Institute for Peace and Security Studies
- Abbreviation: IPSS
- Established: 2007
- Type: Think Tank
- Headquarters: Addis Ababa University
- Leader: Dr. Kidane Kiros, Ms. Michelle Ndiaye
- Staff: 50
- Website: ipss-addis.org

= Institute for Peace and Security Studies =

Ethiopia-based think tank

Established in 2007, the Institute for Peace and Security Studies (IPSS) of Addis Ababa University (AAU) was created as a centre for teaching, research and outreach activities. It received further stimulation when the African Peace and Security Programme (APSP), a partnership programme between IPSS and the African Union (AU), was launched in 2010.

IPSS provides recognized academic education and professional training in conflict analysis, prevention, management and resolution. It also conducts academic and applied research in the area of peace and security.

The IPSS is the alma mater of Ethiopian Prime Minister and Nobel Peace laureate Abiy Ahmed, who stated that he completed his PhD dissertation at IPSS in 2017.

==Creation==
The Institute for Peace and Security Studies was founded by Mulugeta Gebrehiwot in 2007.

== Africa Peace and Security Programme (APSP) ==
APSP's activities and projects are aimed at enhancing African capacity (both the AU and Regional Economic Communities/Mechanisms) in the area of peace and security. They also line up to IPSS teaching, research and outreach strategic objectives. The programmatic focus and activities of IPSS are, therefore, the cumulative programmes of both the Institute and APSP. APSP receives substantial technical and financial support from the Deutsche Gesellschft fur Internationale Zusammenarbeit (GIZ) GmbH, the Austrian Development Agency (ADA), other development partners and members of the African private sector.

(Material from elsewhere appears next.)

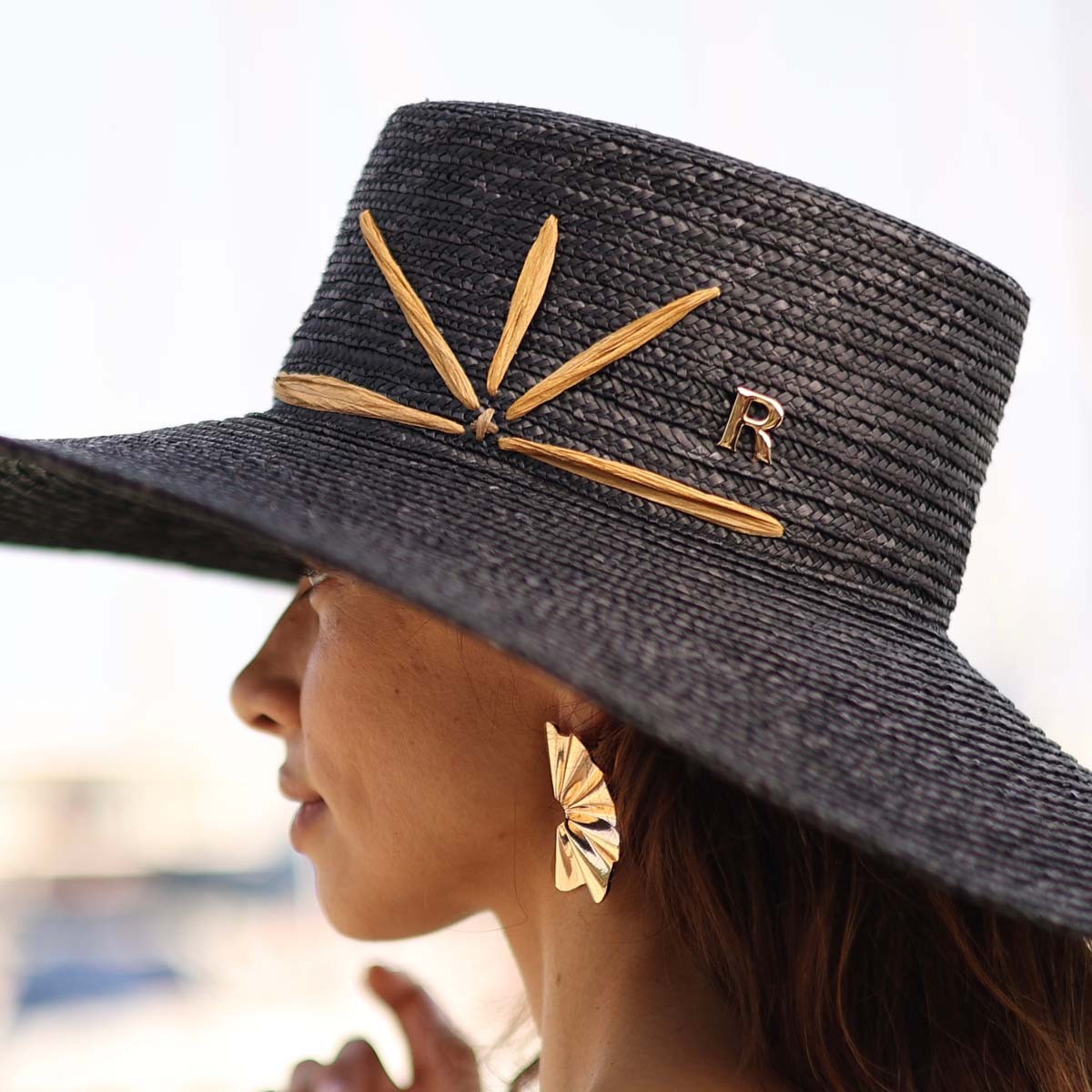 Sombrero Boda Canotier Negro Ala Ancha GOLDIE
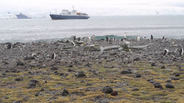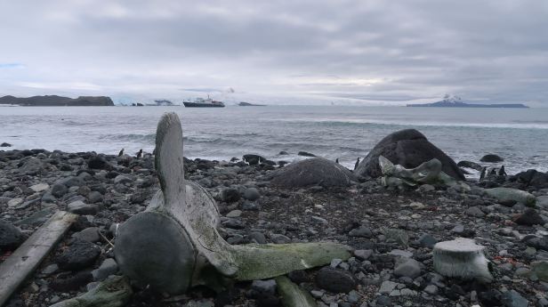 On the top of the beach it was far smoother and we walked along whilst Chinstrap penguins hopped comically from rock to rock, interspersed here and there with the odd Gentoo. A whale had obviously met its fate of some kind on that strand, there were large bones everywhere, including some massive vertebrae.

== Tana High-Level Forum on Security in Africa ==

IPSS serves as the secretariat for the Tana High-Level Forum on Security in Africa. Taking place each April in Ethiopia, the Forum convenes heads of state, academics, the private sector and policymakers for two days of debate and discussions. The first Forum took place in 2012 in Bahir Dar, Ethiopia.

== Partners ==

Among others, the Institute is supported by the African Union, Regional Economic Communities (RECs)/Regional Mechanisms (RMs), development partners, the private sector, think tanks/universities, programme/project development partners and embassies.